As it is, Bundrick has made considerable strides. She was a latecomer to tennis as an 11-year-old, an age when better players are already nationally ranked. A former soccer player, Bundrick didn’t have an interest in tennis until she joined a friend for a tennis lesson and found that she enjoyed it.

Ever since joining the varsity team as an eighth-grader, Bundrick has been a presence in the singles lineup, starting out as a fourth and third singles player. Last year she beat out Jackie Maloney for the first singles spot. Although Bundrick didn’t have a winning record in 2009, she was competitive, earned all-division status, and the competition she faced from the best players in League VII, which Christy considers to be the best league in Suffolk County, helped her. She played players from established tennis powers such as Westhampton Beach, Southampton and East Hampton.

“She’s playing against the top 20 percent in the county, all of the time,” Christy said. “She was able to play with them, but they were winning the big points.”

Evidence of Bundrick’s progress was seen over the summer when she won the women’s singles title in the Bob Wall Memorial Tennis Tournament, upsetting Amy Malave, 6-0, 6-0. Malave had ousted Bundrick in the first round of last year’s tournament. In addition, Bundrick and Smith teamed up to take the tournament’s women’s doubles crown.

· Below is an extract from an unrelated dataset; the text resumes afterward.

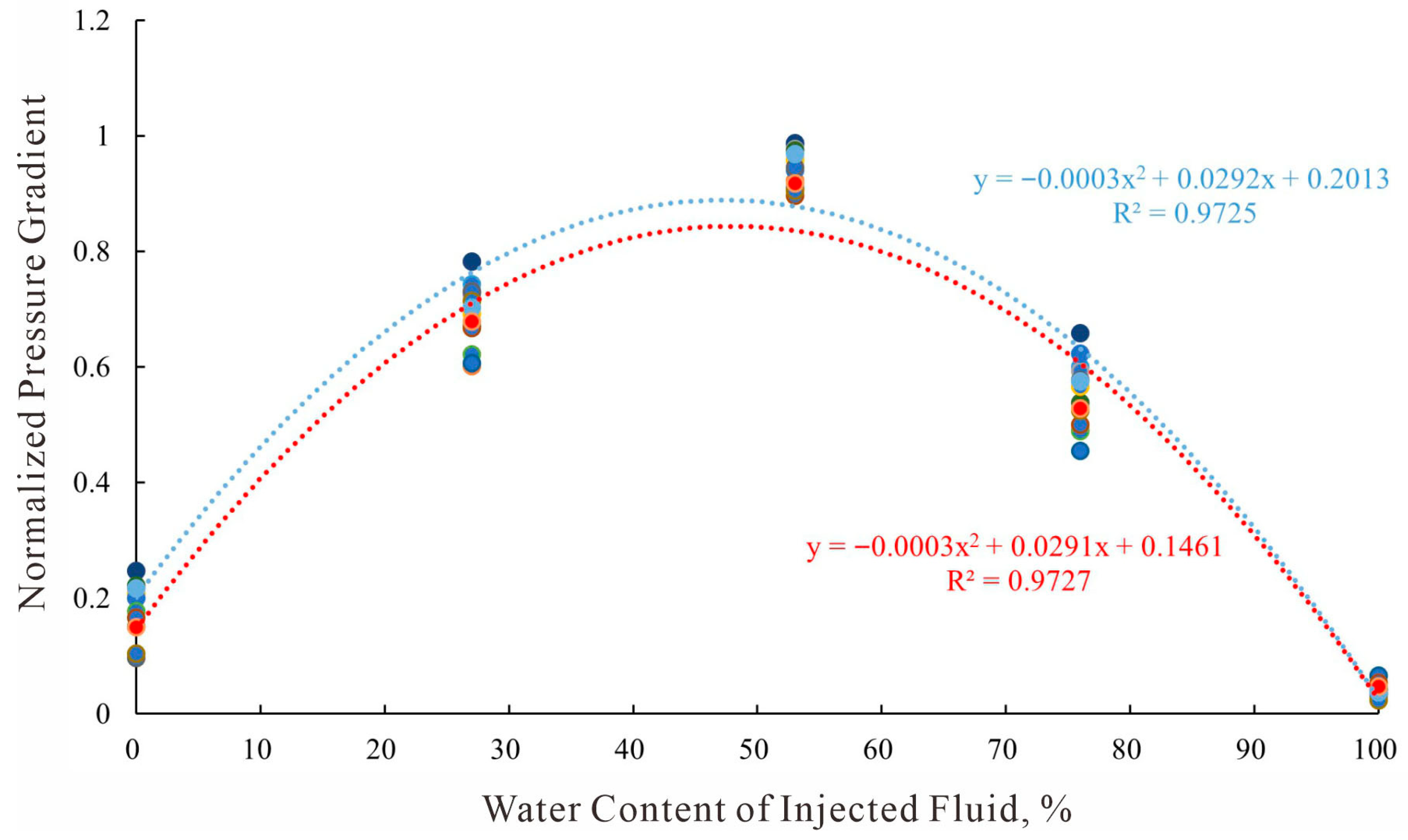 In the quasi-threshold pressure gradient measurements for low-permeability sandstone cores, we used native core samples and maintained the experimental temperature at 50 °C. The test fluids included simulated oil prepared by blending crude oil with kerosene to achieve a viscosity of 6.44 mPa·s and synthetic formation water. The water cut of the injected fluid (denoted as F

So, what has changed in Bundrick’s game? She has apparently learned the value of placement shots and picking her spots for when to go for winners.

“I think just a lot more experience has helped,” she said, “knowing when to hit the right shots and when not to.”

Christy said Bundrick is developing into more than just a player who hits balls over the net. Her swings have purpose, he said.

“Anybody can hit balls, but the idea when you’re playing a better opponent is you have got to start to move the player around the court and wait for your opportunities to take advantage,” the coach said. “I see more consistency. I see a little more pop, but I see an even better shot selection.”

Bundrick has added patience to the arsenal of weapons she brings to the court. A player who feels comfortable on the baseline, she will attack the net from time to time.

“Her serve is probably close to 100 miles per hour, and she’s really consistent,” Smith said. “She’s really quick and she gets to every ball. She hits with a lot of power.”

Christy said one area where Bundrick could stand improvement would be in her footwork. “She’s a little slow in terms of transitioning from one shot to the next,” he said.

That is easily correctable, Christy said, if Bundrick can find better competition to play. Christy sees a big upside to Bundrick, who he believes could play at the college level. “I think she has a tremendous amount of potential,” he said.

Smith is expecting big things from her friend this season.

“She was just younger last year and there were a lot of great seniors from other schools that could challenge her and overcome her, more experienced players,” Smith said. “But this year I think she’s really going to step up and win a lot of matches for us.”

“She’s going to be the star,” Smith added. “She already is.”